If we were to stop and seriously reflect on some of the things that our “voices” are saying to us not only would we be appalled (you know that if you heard someone speaking like that to someone else you would intervene and call them on their bullying words!) and you would do your level best to find a balance so it wouldn’t affect you.

Or would you?

The way to stop these voices from affecting you is to actually reflect on them. How do we do this? I have a little exercise I like to get the women I work with to do. What I ask them to do is this (and if you are reading this, I think you should do it too!):

Take a note book (I say a note book rather than a piece of paper as it is good to have a safe hard copy so you can reflect back on it whenever you need to). At the top of a fresh page write these words:

The voices in my head are saying…

Now I want you to keep this with you for at least a day. Whenever you have a negative or positive thought about something you are doing I want you to take the time to write it down (I don’t suggest you do this on a day when you have a lot of meetings as I am not sure others will fully get what you are doing).

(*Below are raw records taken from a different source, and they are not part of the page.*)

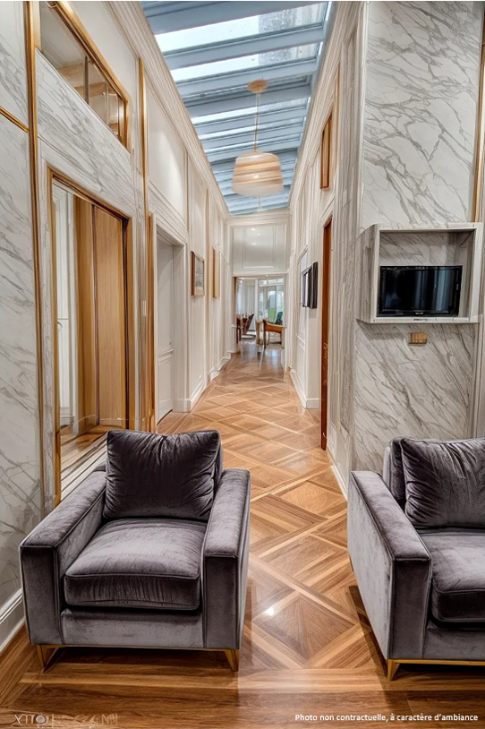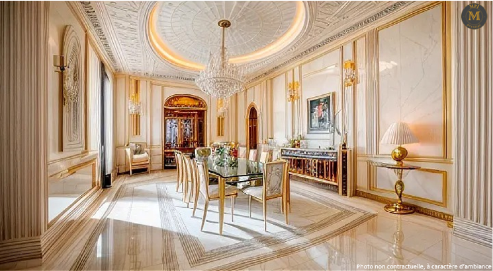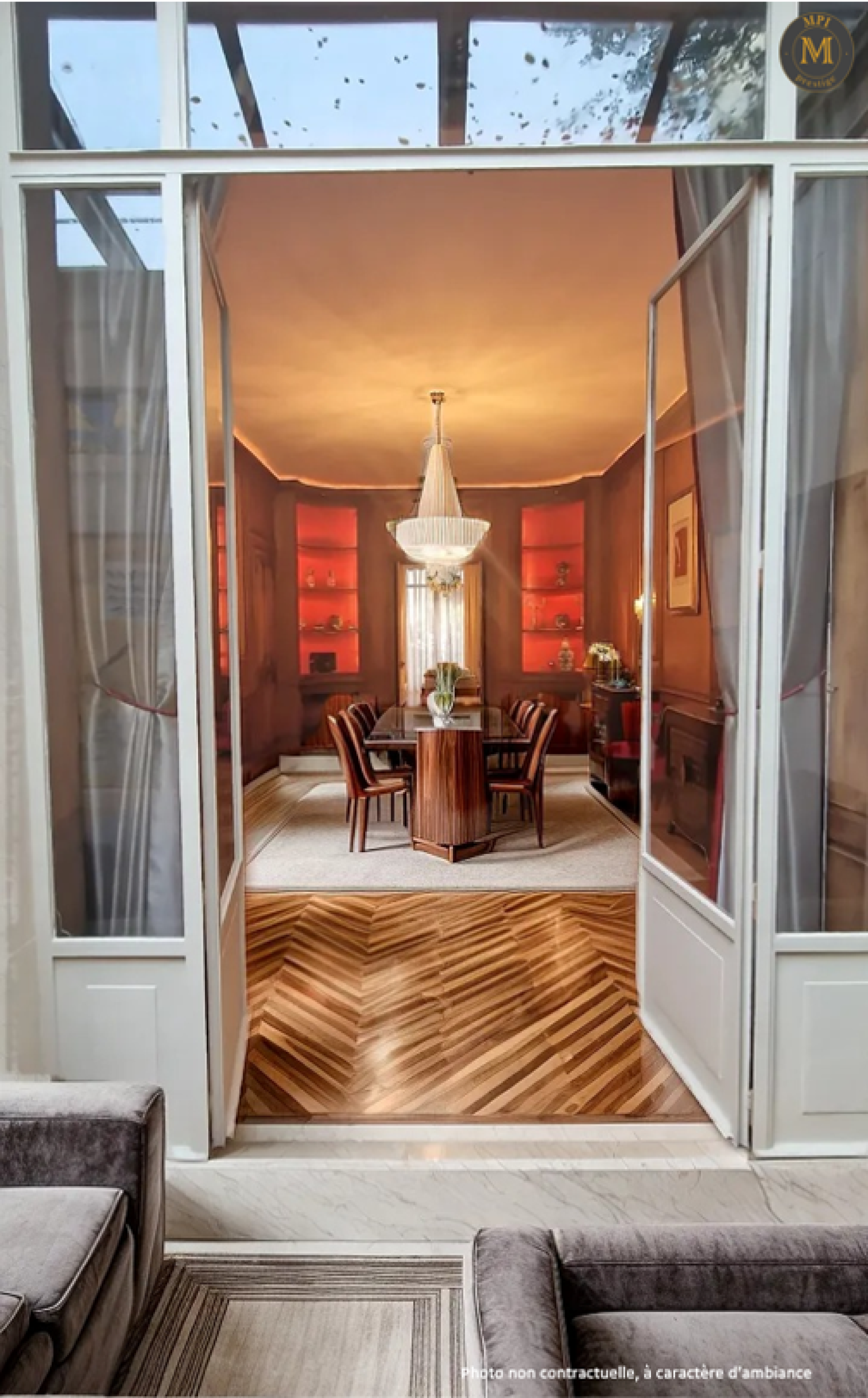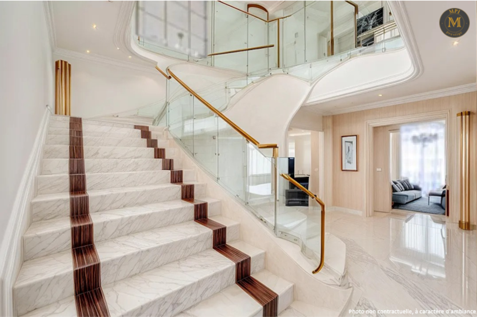 Cet appartement de 504,3 m2, en excellent état général, est situé dans un immeuble en pierre de taille des années 50. L'appartement est sur 3 niveaux, tous déservis par un ascenseur intèrieur et privé.
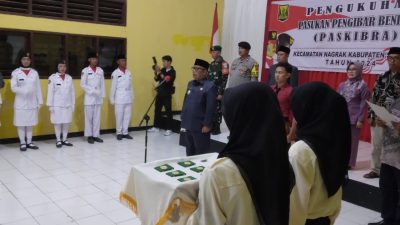 Untuk itu atas nama pemerintah saya menyampaikan ucapan selamat kepada adik-adik yang baru saja dikukuhkan sebagai Pasukan Pengibar Bendera Peringatan HUT ke-79 Kemerdekaan RI Tingkat Kecamatan Nagrak Tahun 2024, semoga dalam menjalankan tugas dan tanggung jawab yang diemban dapat berjalan dengan baik, sukses dan lancar serta dijauhkan dari segala hambatan,”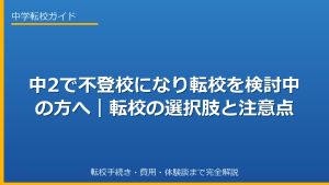 中学2年生で不登校になり、お子様の将来を案じて転校という選択肢を考えていらっしゃる親御さん、そして今、学校に行きたくても行けないと悩んでいるご本人へ。中学2年生という多感な時期に不登校を経験し、このタイミングで「転校」と […]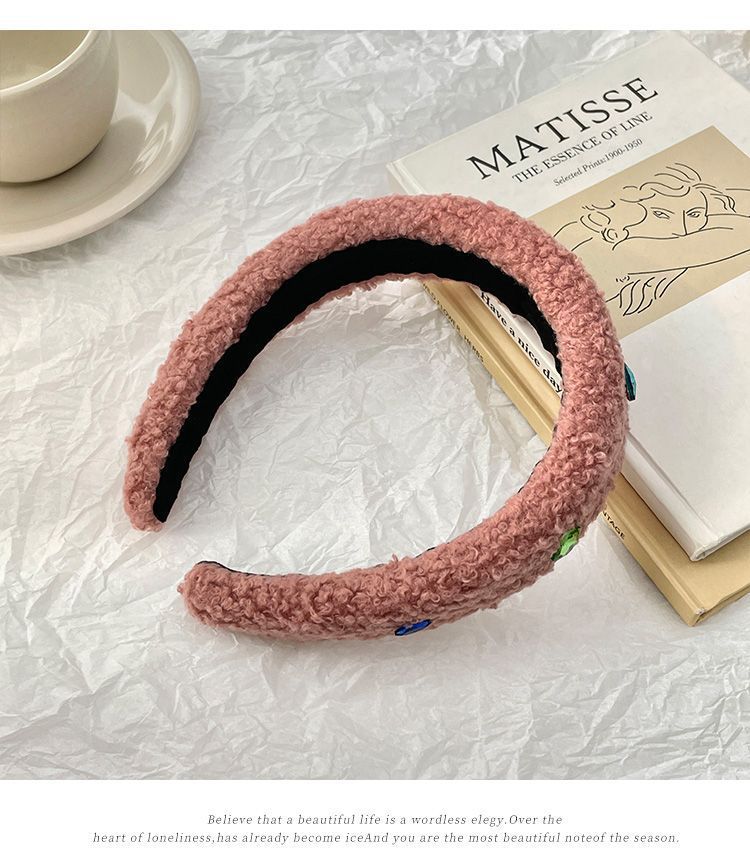Huaer와 Junior Zhao Zhaoyi 같은 스타일의 머리띠 머리띠 핑크 봉제 색 돌 헤드웨어 가을 및 겨울 여성의 새로운 높은 두개골 탑스토어 가기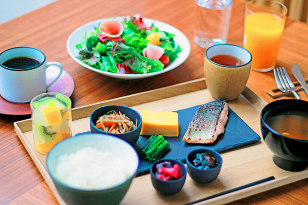 朝食で出される味噌汁、梅干しや漬物。加えてシェフによるオリジナル味噌ドレッシングは、「販売して欲しい」というリクエストが絶えないほど人気。それらは、『郡司味噌漬物店』の製品を使用しています。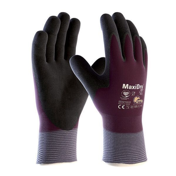 Gants support tricoté nylon/acrylique doublé et brossé. Jauge 10. Double enduction nitrile. Protection thermique jusqu'à -10°C. Complétement étanche. Poignet tricot élastiqué.

At the end of the day, take the time to sit down and reflect on the things that your “voices” are saying. 

Mark next to the statements if they are positive or negative.

Then starting with the negative ones start to look at why you might be saying that to yourself. Where do you think it came from?

By doing this exercise, two things will start to happen:

  1. You will become conscious of the voices, and so you can start to take conscious control over their impact on your life and career. 
  2. Eventually, it will become automatic to counter negative talk with your own voice (still in your head or out loud) using a positive mantra.

Why is it so important for us to get to know and understand the voices in our heads? 

As I mentioned above you will be more conscious of what is happening, but you can also start to use the voices as a positive measure rather than a negative one.

As Tara Mohr talks about in her book Playing Big, we can use our positive voices to actually help not only imagine the future we want but to help work towards making it happen. We can’t do this if we are constantly letting those negative voices send us down false paths or take, what they tell us, is the only path we are capable of walking down.

It is in this way that these voices can sabotage our careers, businesses, and even our personal lives. They tell us we need to be in a certain place before we can do something, that we need to have certain qualifications and not to get “above ourselves” and our mind looks for all the “signs” around us that tell us that this is the case. So it is proven that what we are saying to ourselves is right. 

Oddly enough, those same signs can show us the way to achieving our success. We need to do it consciously.

At the end of the day, what we say to ourselves the most often will become what we get.

The question you need to ask yourself is:

What do you want and are you willing to do what you need to get it? including getting to know those voices in your head!